LOS ANGELES: Downtown, Los Angeles, California based Indian entrepreneur Khemraj ‘Dave’ Hardat, who fraud investors out of $5 million by claiming to have ties to basketball stars Shaquille O’Neal and Stephen Curry and former PepsiCo CEO Indra Nooyi pleaded guilty to five charges of wire fraud.

Khemraj ‘Dave’ Hardat, from the Ritz Carlton in downtown Los Angeles, California will be sentenced by U.S. District Judge Dale Fischer.

Hardat, who has been living in the U.S. on an expired visitor’s visa, faces a maximum sentence of 100 years in federal prison. The 50-year-old is currently being held at the Los Angeles Metropolitan Detention Center.

In his guilty plea, Hardat admitted that for four years, he falsely represented himself as an investor in the performance beverage and water bottling industry. He told investors that O’Neal, a basketball Hall of Famer, was one of his business partners. He also claimed falsely that Curry of the Golden State Warriors would be endorsing one of his company’s products, according to a statement released by the Justice Department.

He told potential investors he had a Ph.D. and maintained close ties to Nooyi, who is Indian American, as well as computer entrepreneur Michael Dell. He claimed that PepsiCo and Dr. Pepper Snapple Group owed him $100 million, a false claim, according to the Justice Department.

The fraudster tricked investors by showing them doctored bank accounts; one account had a balance of nearly $500 million, while another had a balance of $170 million.

Hardat used the money he raised from the scam to pay off his personal debts, and his rent at the Ritz Carlton. He also used the money to pay for expensive private schools for his children. He owned a Lambhorgini and a Maserati, and a luxury box at the Staples Center in downtown L.A.

In true Ponzi-scheme fashion, Hardat channeled new investor money to pay back prior investors. He frauded at least seven investors through his company O4 Worldwide Holdings, according to the DOJ.
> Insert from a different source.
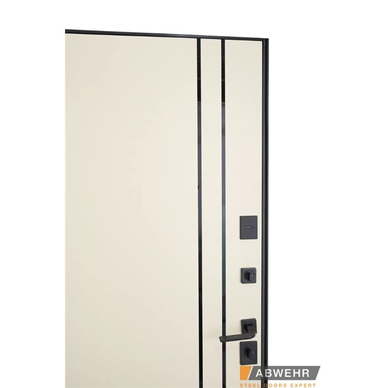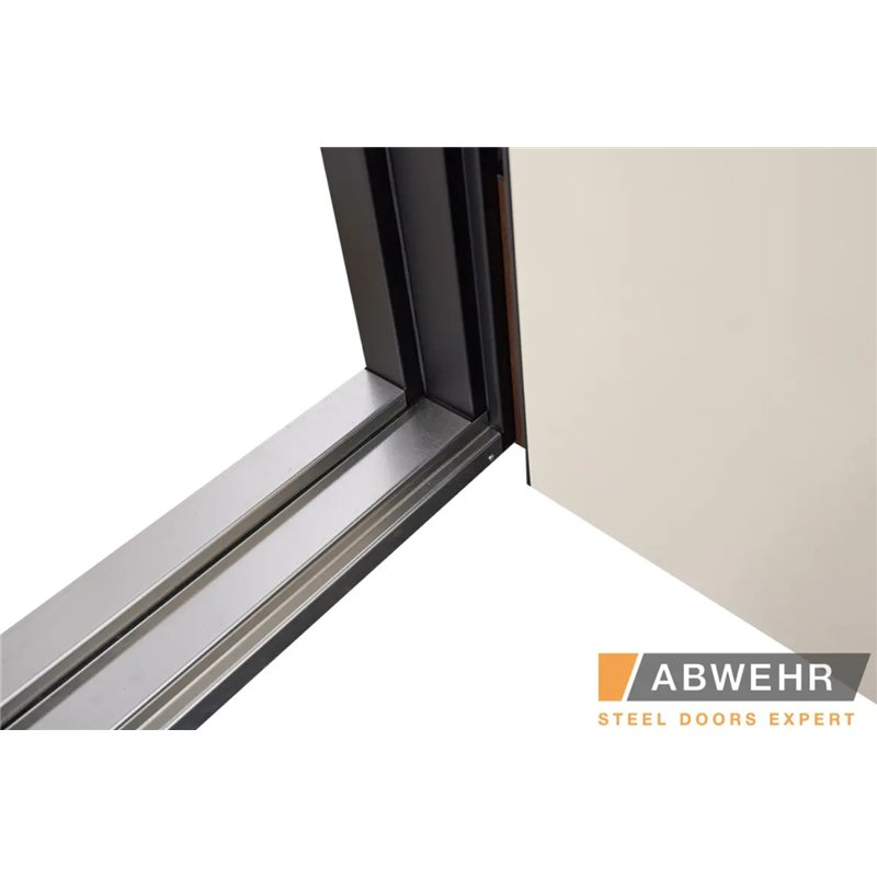 Дополнительный терморазрыв на основе пробкового дерева или пенополистирола предотвращает промерзание зимой и образование конденсата в теплое время года, делая двери Abwehr отличным решением для уличной установки.

One investor wired him $4 million in 2014, with the agreement that Hardat would pay back the loan plus $200,000 in interest within one week. Besides a late payment of $205,000 in November 2014, Hardat never repaid the victim, instead using $3.8 million of the victim’s money to pay personal expenses and earlier victims, including one court judgment against him, according to the Justice Department.
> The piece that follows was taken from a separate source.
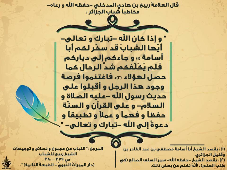 قال العلامةُ ربيع بن هادي المدخلي -حفظه الله و رعاه و جعله غصة في حلوق المبتدعة- مخاطباً شباب الجزائر :

After the victim confronted Hardat about the debt in December 2014, Hardat allegedly told him of a new business opportunity and represented that the $4 million owed would turn into $12 million. Hardat then wrote the victim a check for $8 million, which later was returned for insufficient funds.

Another victim, who met Hardat through their children’s school events, allegedly wired Hardat a total of $393,854 in loans for his business. Hardat used the money for his personal affairs. He eventually paid back $235,000 with money he scammed from other victims.

(NBA legend Shaquille O’Neal attends the grand opening of Shaquille’s At L.A. Live at LA Live on March 9 in Los Angeles, California. An Indo-Canadian man perpetrated a $5 million fraud by saying O’Neal was his business partner. He also claimed he had close ties with Stephen Curry and Indian American former PepsiCo CEO Indra Nooyi. Photo: Michael Tullberg-Getty Images)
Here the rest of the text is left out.